Au niveau du sol, la couche de revêtement se solidifie à une vitesse déterminée par celle de la lampe. Si la lampe ne fonctionne pas correctement, le processus de séchage ralentit, la couche reste collante, et il faut passer le reste de la semaine à corriger ces problèmes. Le problème ne vient généralement ni de l’encre ni de la résine, mais bien de la lampe – plus précisément, du quartz et de l’énergie spectrale qui atteint réellement le substrat.
Puissance, spectre et énergie délivrée Nous concevons des lampes de séchage UV pour les revêtements de sol en utilisant un système de décharge à vapeur de mercure à haute pression, afin d’assurer une sortie constante dans toute la bande UVA/UVB. L’intensité d’émission au niveau du substrat doit être suffisante pour dépasser le seuil de activation des photoinitateurs, et la densité d’énergie délivrée (en mJ/cm²) doit être suffisante pour permettre le cross-linking dans toute l’épaisseur de la couche.
Le facteur limitant est le quartz : il faut utiliser du quartz de pureté 99,99 % pour éviter la solarisation et garantir une transmission UV efficace.

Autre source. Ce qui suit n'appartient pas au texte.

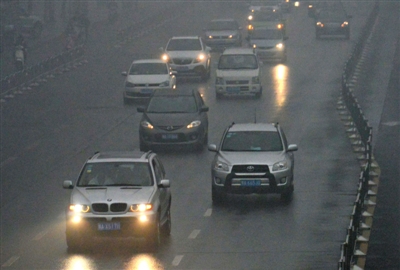 昨日,郑州市区道路上,车辆在雾中行驶。昨日郑州空气重度污染,燃放爆竹加重了雾霾程度。新华社记者 王颂 摄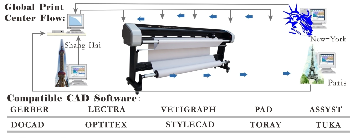 LAN & Multi - Plotter Plotting Online | Realize a computer to control 50 Inkjet Plotters to print at same time by LAN. Each Plotter can be setup and controlled easily in LAN. |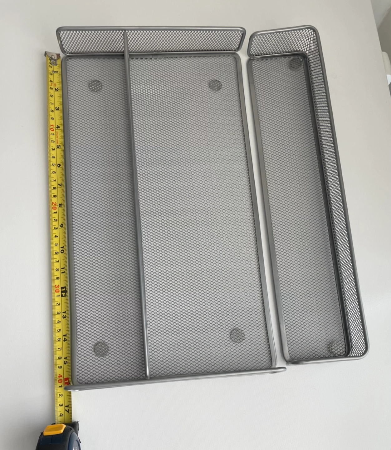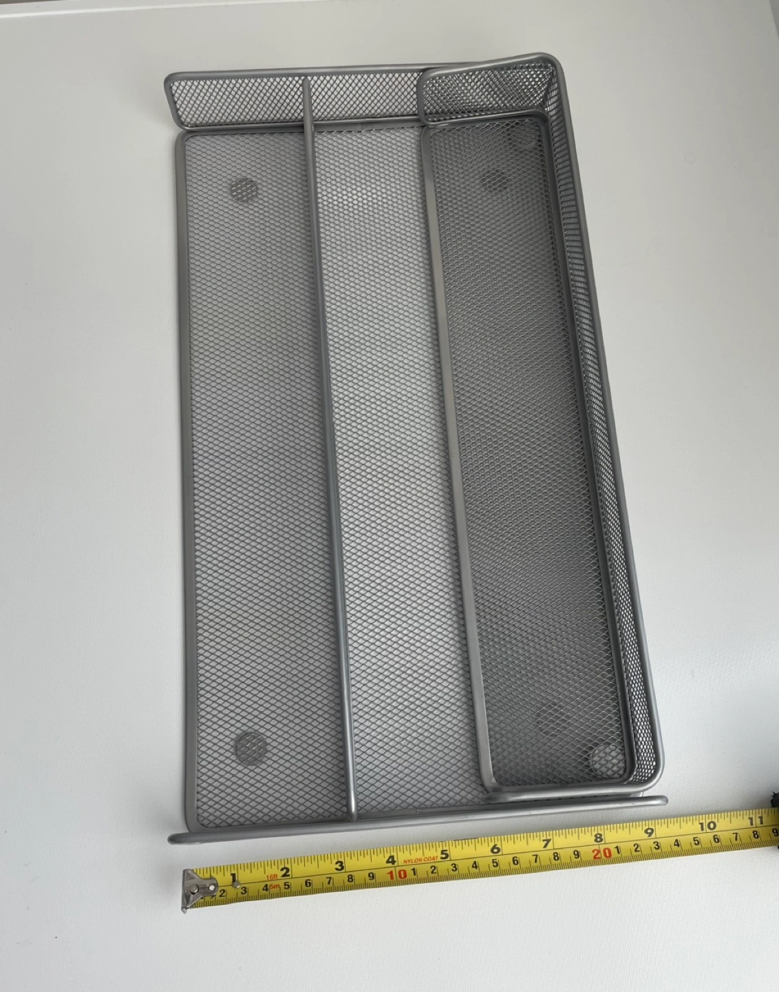 Three-compartment organiser. Silver metal mesh construction. Adjustable from 23-32cmX42cmX5cm. Easy to clean.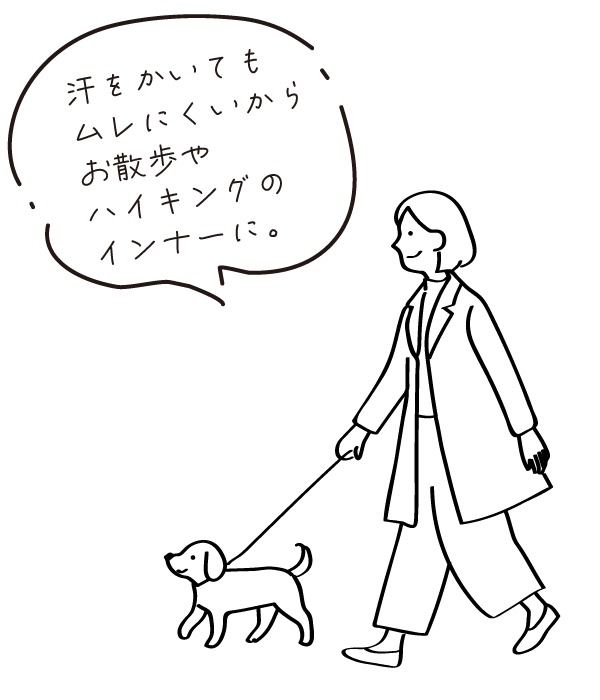 汗をかいてもムレにくいから、お散歩やハイキング・ウォーキングなどのインナーにもぴったり。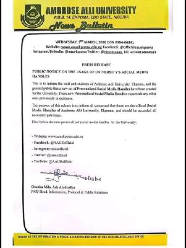 Ambrose Alli University, Ekpoma (AAU), wishes to inform staff, students, and the general public that new personalized social media handles have been created for the University.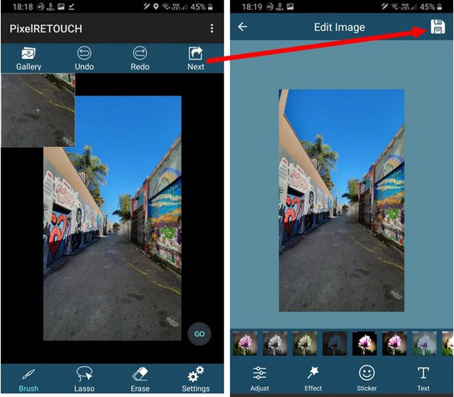 Nếu đã cảm thấy ưng ý với hình ảnh sau khi xử lý, bạn nhấn “Next”, sau đó nhấn vào biểu tượng chiếc đĩa mềm để lưu lại hình ảnh đa xử lý vào smartphone.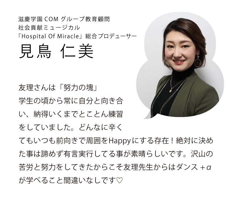 現在は育児をしながらダンスインストラクターとして、ダンスの楽しさと夢を実現することの素晴らしさを伝える活動をしています。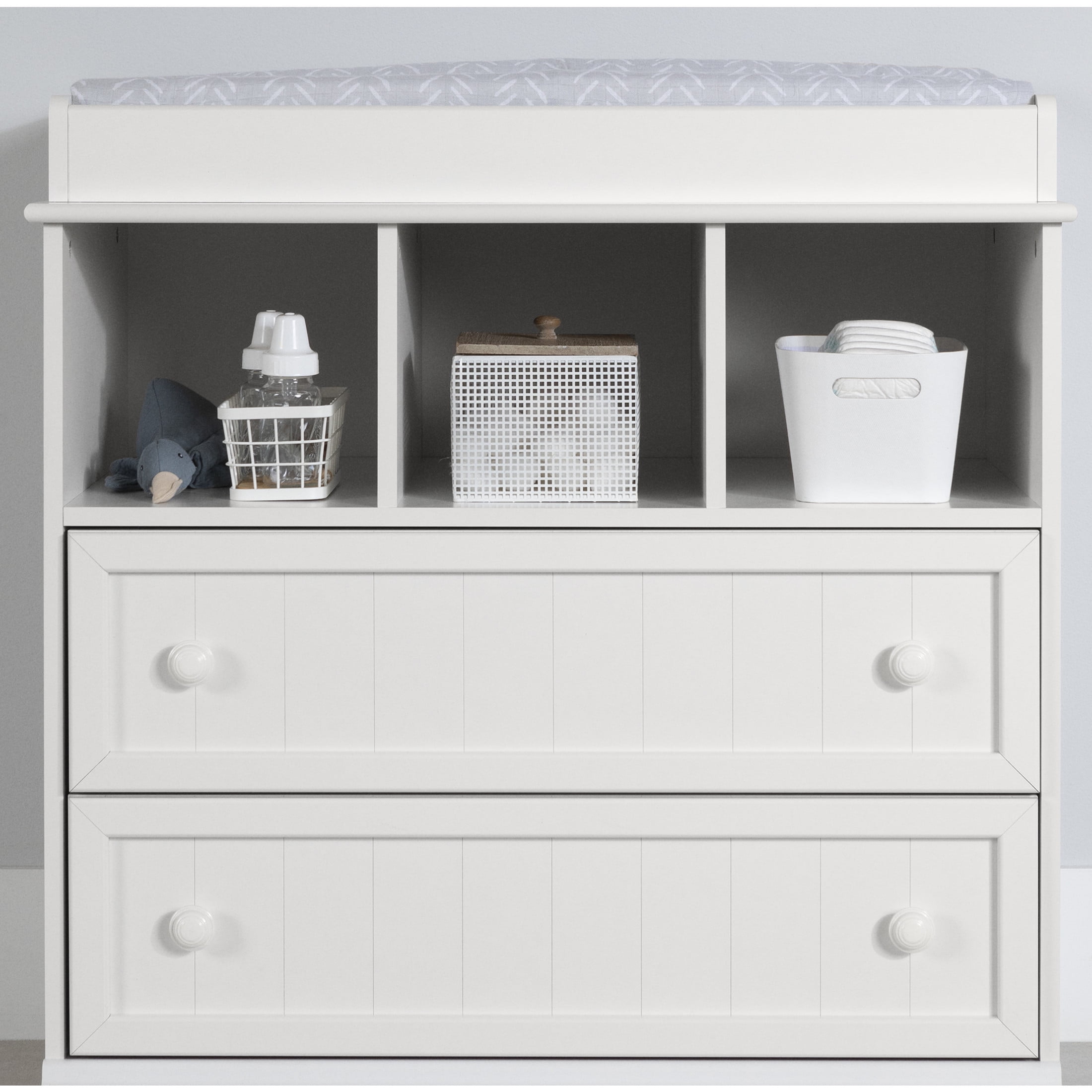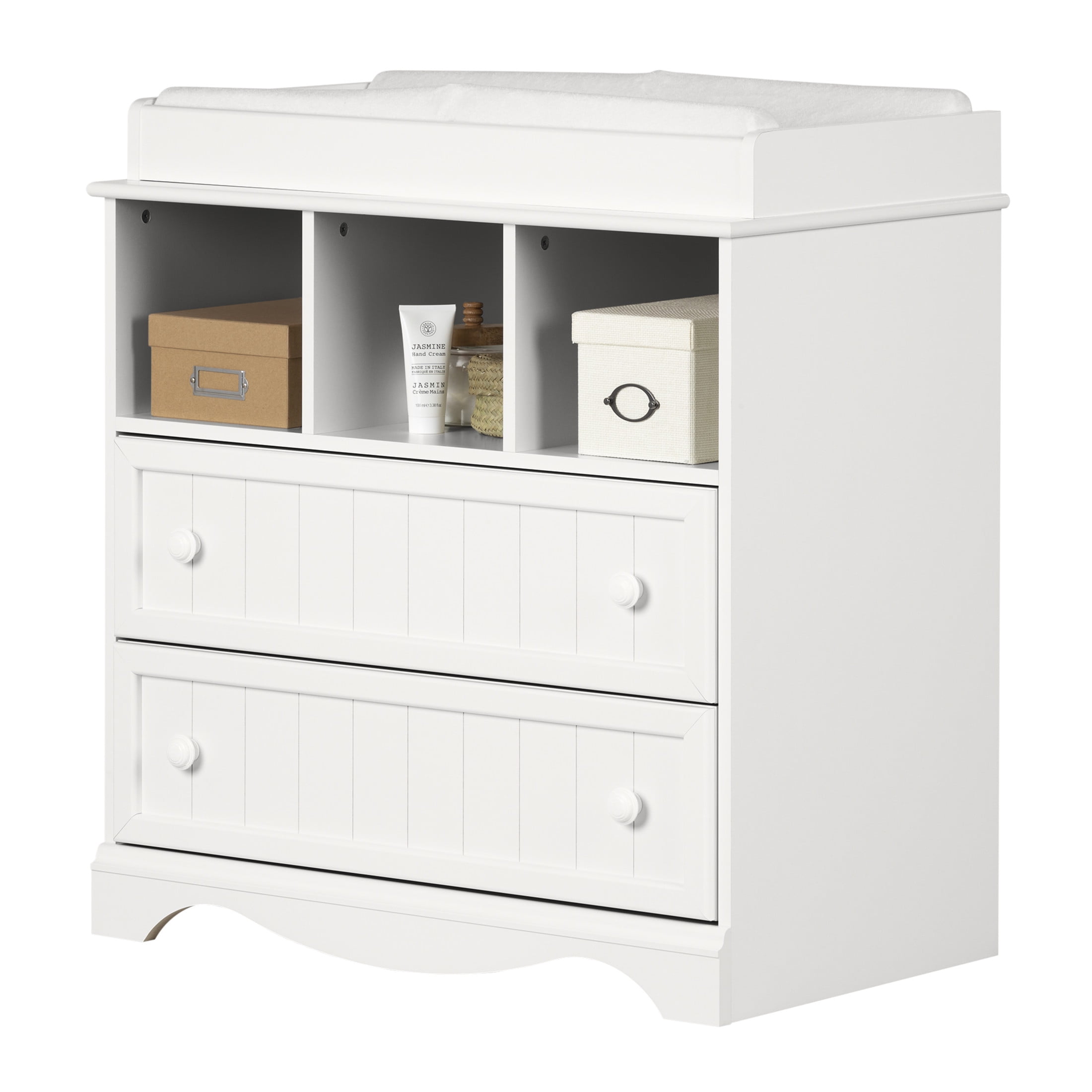 A COUNTRY CHIC-STYLE CHANGING TABLE: The curved cutout, drawer frames, decorative grooves, and wooden knob-style handles make this an oh-so-stylish unisex piece. You’ll have a warm and elegant decor! ACCESSIBLE STORAGE: Fill some nice-looking baskets with baby essentials and put them in the three open compartments, so you’ll be totally organized for every step of the diaper change process. You’ll also have space – in the two drawers – for clothes, pajamas, and blankets. METAL SLIDES: The drawers, installed on metal slides, will open and close gently. SAFETY STANDARDS: The well-being of your family is important to us. That’s why our clothing storage units meet the tip-over safety standards required by the STURDY (Stop Tip-overs of Unstable, Risky Dressers on Youth) Act. 5-YEAR LIMITED WARRANTY: South Shore is proud to stand behind this changing table with drawers and open storage with an exclusive 5-year limited warranty. Shop with confidence knowing your purchase is always covered. EASY ASSEMBLY INSTRUCTIONS: All products come with a clear assembly document that will guide you through all steps. If you have any questions during the assembly do not hesitate to contact South Shore Furniture for immediate support.This item is shipped in 1 box, make sure to have a friend with you Wipe with a dry cloth BOX INFORMATION:Box #1 : 41.75″ D x 21.0″ W x 7.25″ H, 100.0 lb.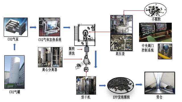 Epp材料生產(chǎn)所使用到的設(shè)備包括二氧化碳?xì)獗煤蜌夤蕖怏w加熱系統(tǒng)、高壓釜、離心分離器、中央控制系統(tǒng)、烘干機(jī)、筒倉等。大致的作用可看上圖。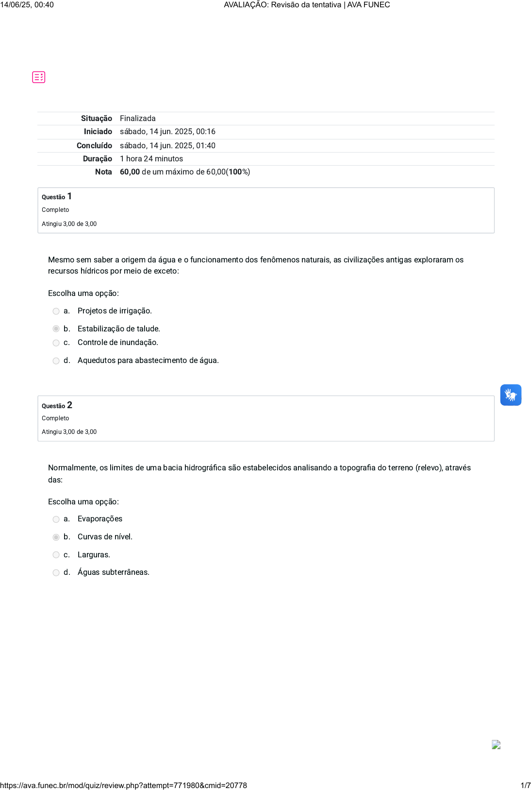 Situação Finalizada Iniciado sábado, 14 jun. 2025, 00:16 Concluído sábado, 14 jun. 2025, 01:40 Duração 1 hora 24 minutos Nota 60,00 de um máximo de 60,00(100%) Questão 1 Completo Atingiu 3,00 de 3,00 Questão 2 Completo Atingiu 3,00 de 3,00 Mesmo sem saber a origem da água e o funcionamento dos fenômenos naturais, as civilizações antigas exploraram os recursos hídricos por meio de exceto: Escolha uma opção: a. Projetos de irrigação. b. Estabilização de talude. c. Controle de inundação. d. Aquedutos para abastecimento de água. Normalmente, os limites de uma bacia hidrográfica são estabelecidos analisando a topografia do terreno (relevo), através das: Escolha uma opção: a. Evaporações b. Curvas de nível. c. Larguras. d. Águas subterrâneas. 14/06/25, 00:40 AVALIAÇÃO: Revisão da tentativa | AVA FUNEC https://ava.funec.br/mod/quiz/review.php?attempt=771980&cmid=20778 1/7 Questão 3 Completo Atingiu 3,00 de 3,00 Questão 4 Completo Atingiu 3,00 de 3,00 Questão 5 Completo Atingiu 3,00 de 3,00 Assinale a alternativa correta cujos fatores contribuem para que uma bacia apresente uma maior tendência a picos de cheias: Sendo: Kc - coeficiente de compacidade; Kf - fator de forma; Rb - Ordem dos cursos d’água e razão de bifurcação; Tc - tempo de concentração; Dd - densidade de drenagem Escolha uma opção: a. >área; Kf; >Rb; Dd; b. >área; >Kc; Rb; Dd; c. Kf; Tc; Kf;

Ainsi, la lampe peut fonctionner pendant des milliers d’heures. Il est également important d’avoir une sortie spectrale constante, une reproductibilité entre lampes, ainsi qu’un profil de réflecteur qui dirige les rayons UV là où ils sont nécessaires, c’est-à-dire directement sur la surface à traiter.
Pourquoi cela fonctionne pour les revêtements de sol Les revêtements de sol sont généralement riches en solides, pigmentés, et appliqués en couches épaisses. Ils nécessitent donc une pénétration profonde et un cross-linking complet, et non simplement une couche superficielle. Le spectre large et l’intensité d’émission élevée de ces lampes activent les photoinitateurs dans toute la couche, ce qui réduit les résidus non cuits et améliore la rigidité du revêtement.
Les avantages sont des vitesses de traitement plus élevées, moins de produits rejetés, et un processus de séchage stable d’une séance à l’autre. Nos lampes peuvent fonctionner pendant plus de 5 000 heures, avec moins de 5 % de baisse de performance, à condition de maintenir les réflecteurs en bon état et une tension électrique stable.
Installation, compatibilité et réalités opérationnelles Ces lampes ne sont pas universellement compatibles. Il est nécessaire d’adapter la longueur de l’arc, le type de base et l’interface électrique au système UV existant. De plus, il faut s’assurer que le ballast et l’allumeur soient compatibles avec le fonctionnement à haute pression de mercure.
La puissance délivrée dépend fortement du refroidissement : il est important de maintenir un flux d’air constant pour éviter les zones chaudes et tout stress prématuré sur le revêtement de la lampe. Il est également nécessaire de nettoyer régulièrement les réflecteurs et de vérifier leur spectre. La poussière et les résidus de solvants sur les réflecteurs réduisent l’énergie délivrée bien avant que la lampe n’atteigne la fin de sa durée de vie. Et comme la puissance délivrée dépend de la tension électrique, il est essentiel de la stabiliser si l’on souhaite un processus de séchage fiable.